La scorsa primavera, erano circolate, senza particolare seguito, diverse proposte di modifica della legge elettorale regionale: dall’introduzione del doppio turno caldeggiata da certi settori del centrosinistra, all’improbabile ripristino del proporzionale proposto da Daniele Cocco, consigliere regionale di Leu, partito seriamente indiziato di restare fuori dal Consiglio regionale in assenza di accordi più ampi.
Oggi, a tempo ampiamente scaduto, riemergono velleitarie intenzioni di modifica del sistema elettorale sardo, i cui tratti fondamentali sono l’elezione del Presidente della Regione a turno secco, generosi premi di maggioranza (purché si superi il 25% dei voti) e impervie soglie di sbarramento per liste singole (5%) e coalizioni (10%). Indubbiamente una pessima legge, che alle elezioni regionali 2014 ha lasciato fuori dal Consiglio liste che hanno totalizzato insieme circa il 16% (guidate dagli aspiranti governatori Michela Murgia e Mauro Pili), situazione molto simile a quella che si verifica spesso nelle elezioni legislative della Turchia, non esattamente un modello di democrazia. Ma il discorso si fa un po’ pruriginoso se, a voler cambiare le regole del gioco in ‘zona cesarini’ è una formazione politica in forte (e congenita) difficoltà, che alle scorse elezioni politiche ha ottenuto pochissimi voti, è frazionata in una miriade di gruppi costitutivi e, con le regole attuali, perderebbe la partita ancor prima di disputarla.
Si tratta, manco a dirlo, del Progetto Autodeterminazione, dalla ragione sociale eternamente sospesa tra l’indipendentismo radicale e antimilitarista e un estremismo di sinistra da centri sociali, che, per il prossimo 26 settembre, ha indetto un sit in davanti al Consiglio regionale per rivendicare l’eliminazione dalla legge elettorale del “presidenzialismo”, dei “premi di maggioranza” e degli “sbarramenti antidemocratici”. Insomma, per tornare al proporzionale puro ben noto nella Prima Repubblica, che dava diritto di tribuna anche a piccole formazioni come, per esempio, Democrazia proletaria, ma rendeva il Paese ingovernabile. E’ indubbio che questo sistema elettorale penalizzi le forze politiche nuove e non consolidate, per le quali è proibitivo superare le soglie di sbarramento previste (mentre, con previsione congeniale al centrosinistra, ai micropartiti di una coalizione che superi il 10% basta ottenere un quoziente pieno, circa l’1% dei voti), ma la sua ingiustizia, che ne renderà inevitabile la revisione nella prossima legislatura, non comporta che Autodeterminazione possa cavarsela incolpando del proprio prevedibile insuccesso soltanto la legge elettorale.

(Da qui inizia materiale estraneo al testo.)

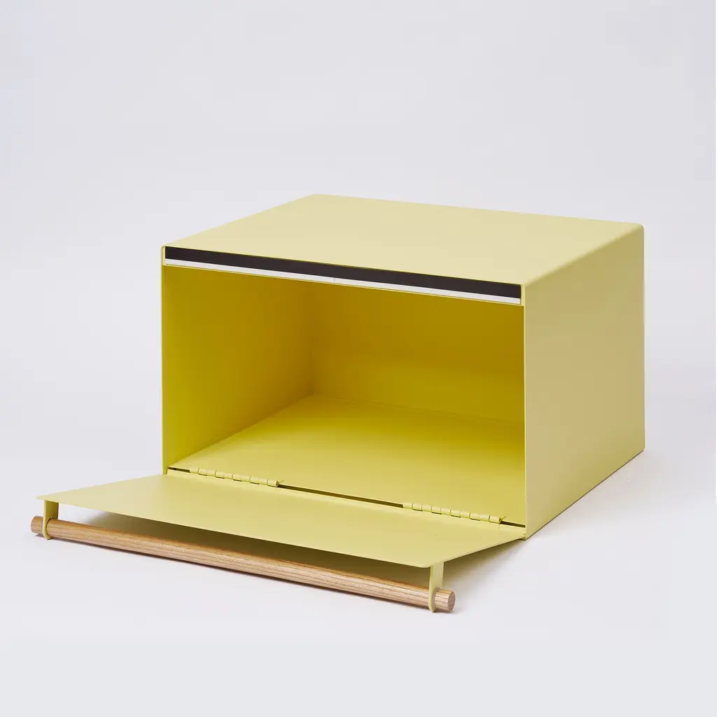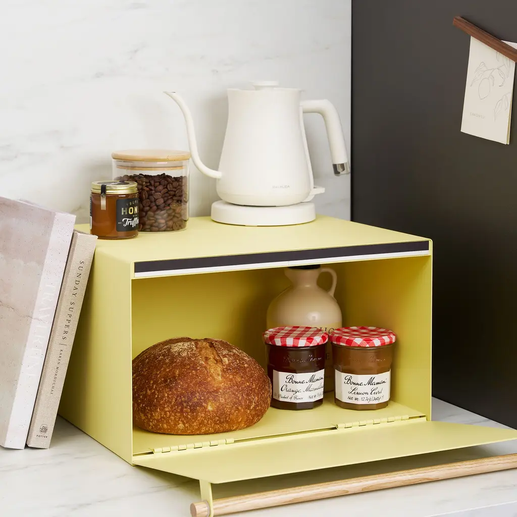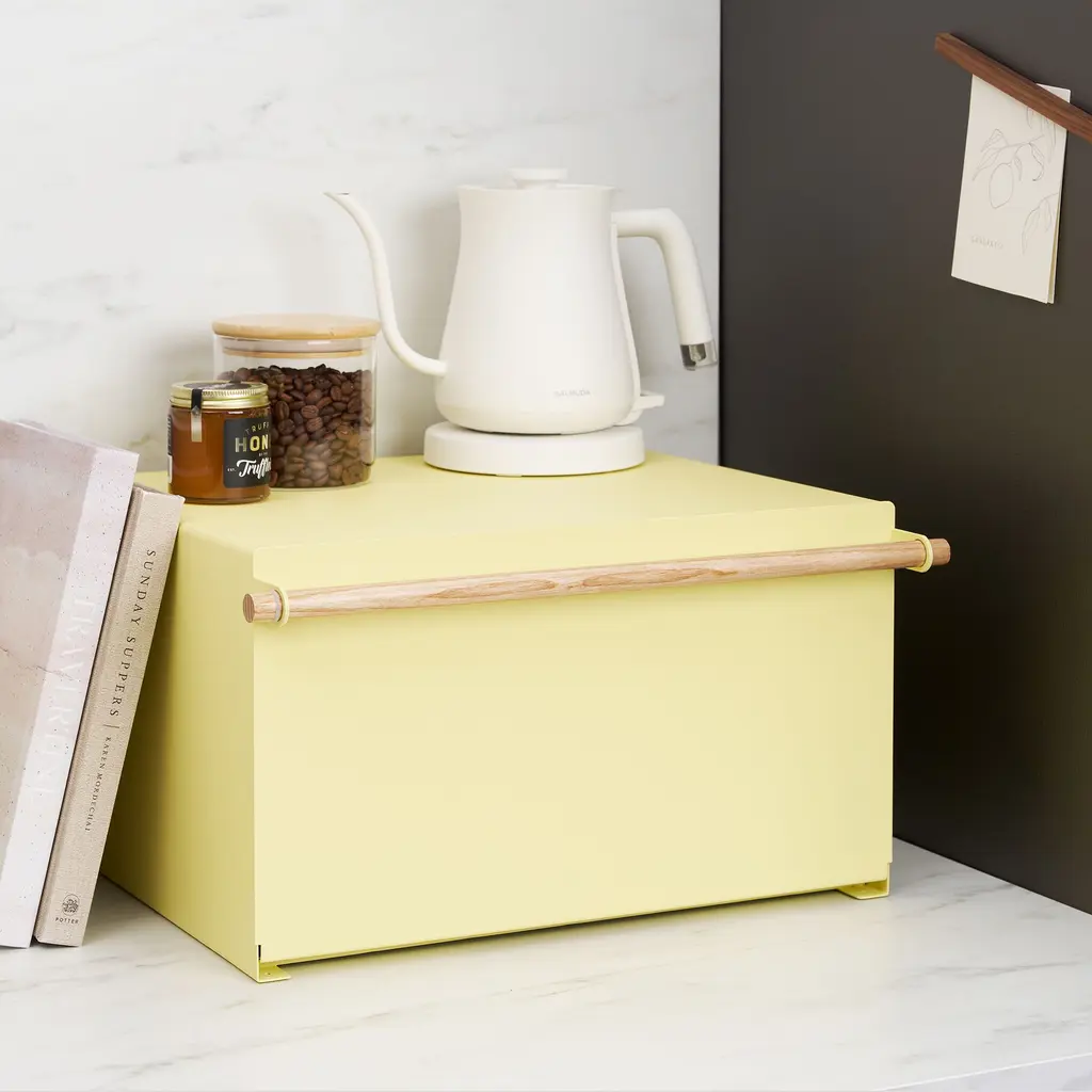Designed in Japan with small spaces in mind. Modern looking and functional. Keep your bread fresh and counter clean. Its flat top can easily store things atop it.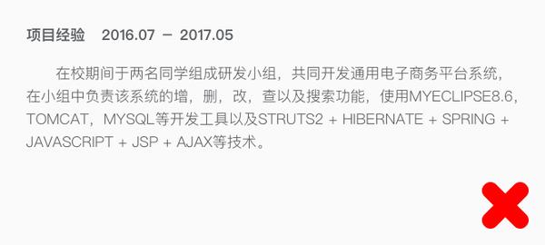 但这里有一个问题,通常你的简历最先看到的是hr,通过hr删选一遍之后在发给你投递职位的部门领导,也有很多公司是简历同时发送到hr和部门领导,但即便是在这种情况下你的简历可能还是hr先看到,所以这个时候你的工作经验就不能这样写: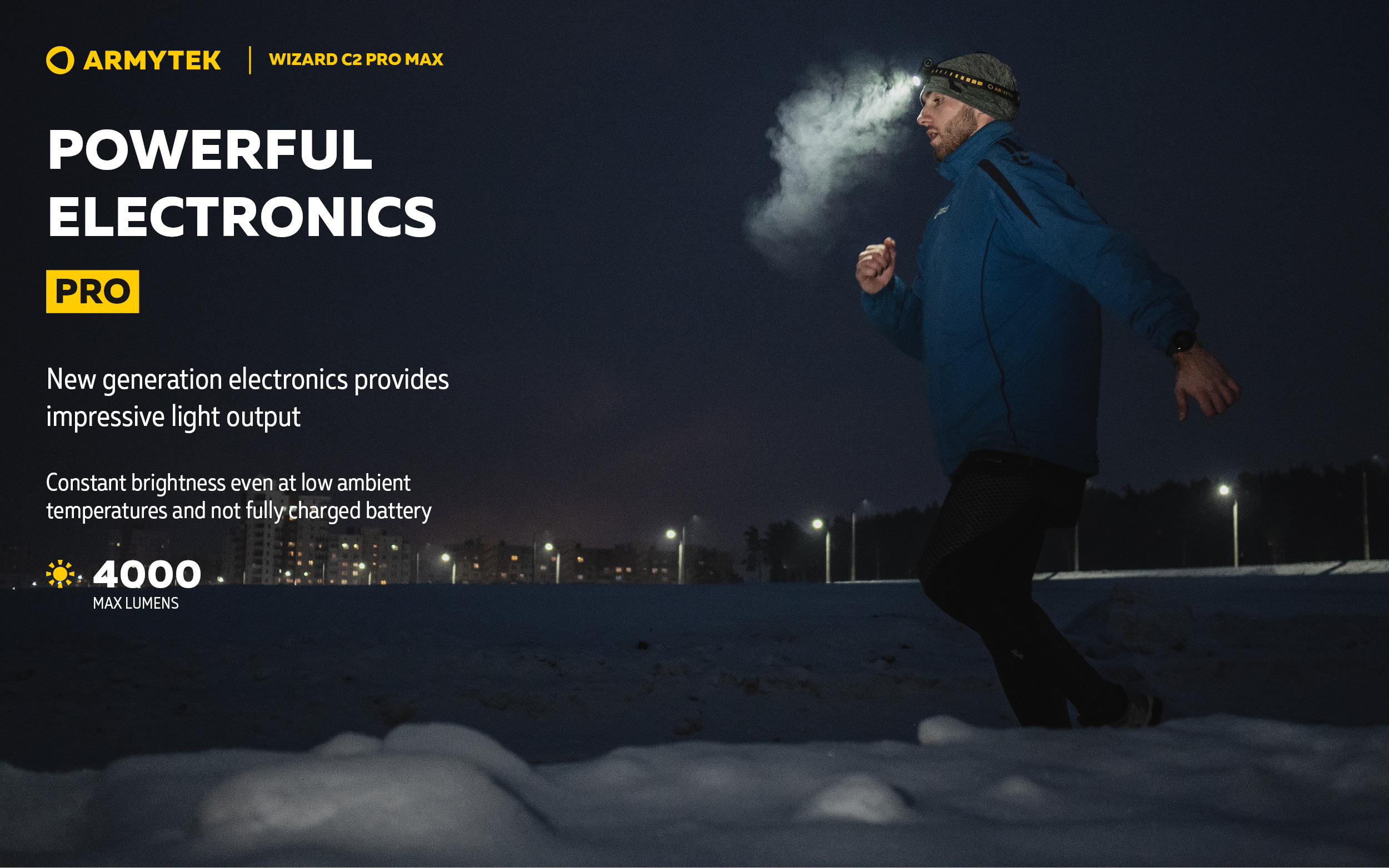 - Pro Max New generation electronics provides impressive light output of 4000 lumens. Constant brightness even at low ambient temperatures and not fully charged battery.

La storia insegna, infatti, che quando un popolo vuol far sentire la sua voce, ci riesce ad onta di qualsiasi alchimia elettorale, come ha dimostrato in qualche modo l’esito delle elezioni politiche del 4 marzo, che, pur celebratesi con un sistema elettorale come il Rosatellum, palesemente congegnato per favorire un possibile ‘inciucio’ tra Partito democratico e Forza Italia, ha determinato la nascita, quale unica formula di maggioranza possibile, dell’accordo gialloverde tra Lega e Movimento 5 Stelle. Se Autodeterminazione non entrerà nel Consiglio regionale, come oggi appare molto probabile, lo dovrà solo al fatto che il suo progetto politico sarà brutalmente respinto dal popolo sardo, come è successo alle Politiche: l’autonomismo, il ‘sovranismo’ in salsa sarda e l’indipendentismo hanno tantissime sfaccettature, come insegna la complessa storia centenaria del Partito Sardo d’Azione, e quella che punta tutto sull’antimilitarismo intransigente, sull’estremismo politico da centri sociali e su una illimitata e incondizionata ‘accoglienza’ dei cosiddetti migranti ha ben poco appeal per i Sardi, che oggi desiderano soprattutto lavoro, sviluppo e un futuro che non sia solo di emigrazione o di lavoretti di terz’ordine.